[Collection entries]
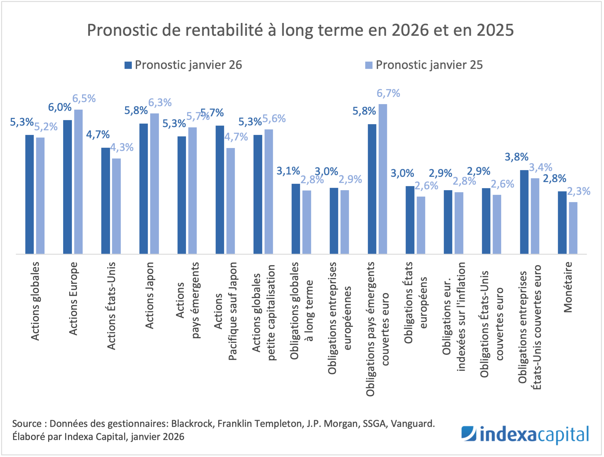 Les pronostics de rentabilité à long terme pour les différentes classes d’actif, actuels (2026) et précédents (2025), sont les suivants :
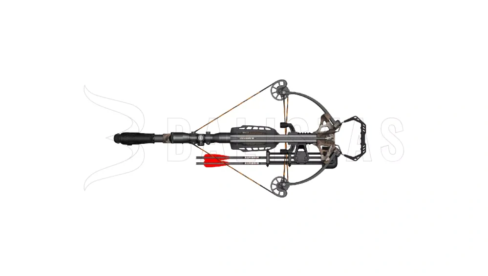 Kuše je osazena vyvýšenou 22mm weaver lištou, na kterou již výrobce upevnil kušohled 4x32. Ve přední části těla najdete tři další 22mm lišty pro montáž příslušenství jako držáku šípů nebo svítilny. Součástí balení je kromě kušohledu a držáku na 3 šípy ještě natahovák tětivy, vosk na lanoví a dva 20" šípy carbon.
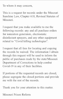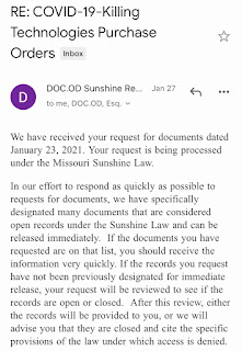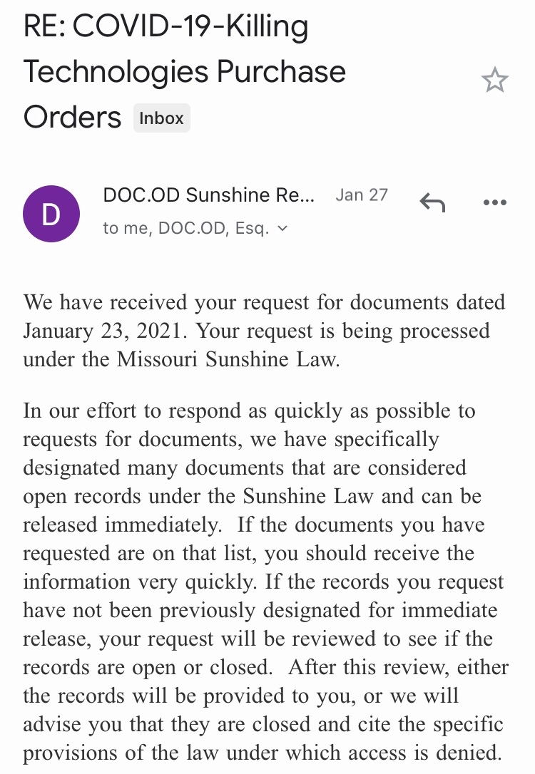 On January 23, 2021 we submitted a sunshine request for the purchase order for the DOC’s “Covid killing technology”. On January 27, 2021 we received a response stating they needed more time to provide these documents. If these “technologies” have been purchased, why does the DOC need so much time to provide the purchase order?
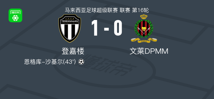 北京时间1月13日,马来西亚足球超级联赛第16轮,登嘉楼坐镇主场迎战文莱DPMM。比赛中,登嘉楼球员恩格库-沙基尔攻入全场唯一进球,帮助球队取得领先。凭借这一进球,登嘉楼最终以1比0战胜对手,全取三分。
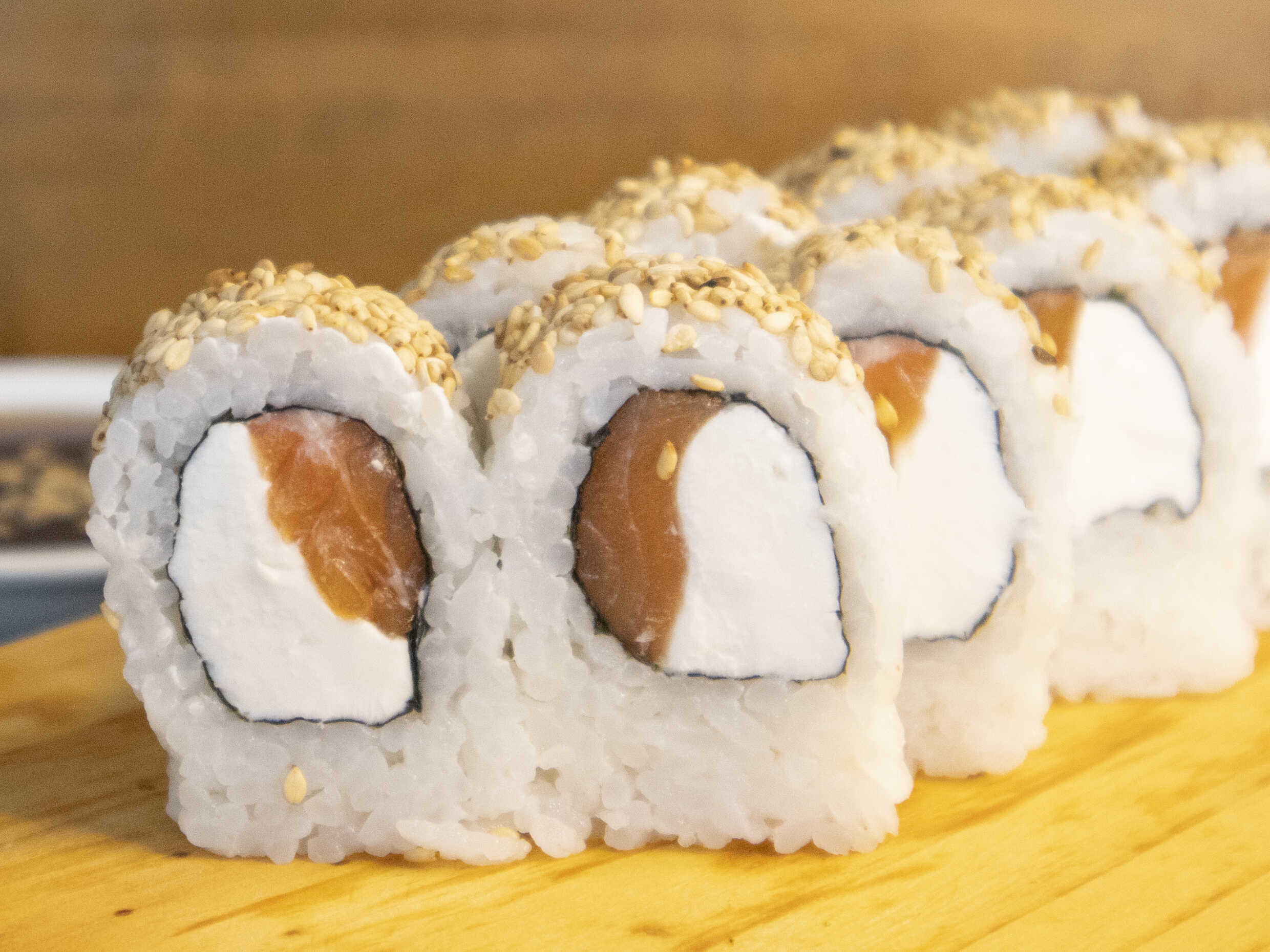 Maki relleno de salmón, palta, queso crema cubierto de semillas de ajonjolí.

> Task statement
Omit the pictures, then give all the lines above again exactly.

> Answer below
 Les pronostics de rentabilité à long terme pour les différentes classes d’actif, actuels (2026) et précédents (2025), sont les suivants :
 Kuše je osazena vyvýšenou 22mm weaver lištou, na kterou již výrobce upevnil kušohled 4x32. Ve přední části těla najdete tři další 22mm lišty pro montáž příslušenství jako držáku šípů nebo svítilny. Součástí balení je kromě kušohledu a držáku na 3 šípy ještě natahovák tětivy, vosk na lanoví a dva 20" šípy carbon.
 On January 23, 2021 we submitted a sunshine request for the purchase order for the DOC’s “Covid killing technology”. On January 27, 2021 we received a response stating they needed more time to provide these documents. If these “technologies” have been purchased, why does the DOC need so much time to provide the purchase order?
 北京时间1月13日,马来西亚足球超级联赛第16轮,登嘉楼坐镇主场迎战文莱DPMM。比赛中,登嘉楼球员恩格库-沙基尔攻入全场唯一进球,帮助球队取得领先。凭借这一进球,登嘉楼最终以1比0战胜对手,全取三分。
 Maki relleno de salmón, palta, queso crema cubierto de semillas de ajonjolí.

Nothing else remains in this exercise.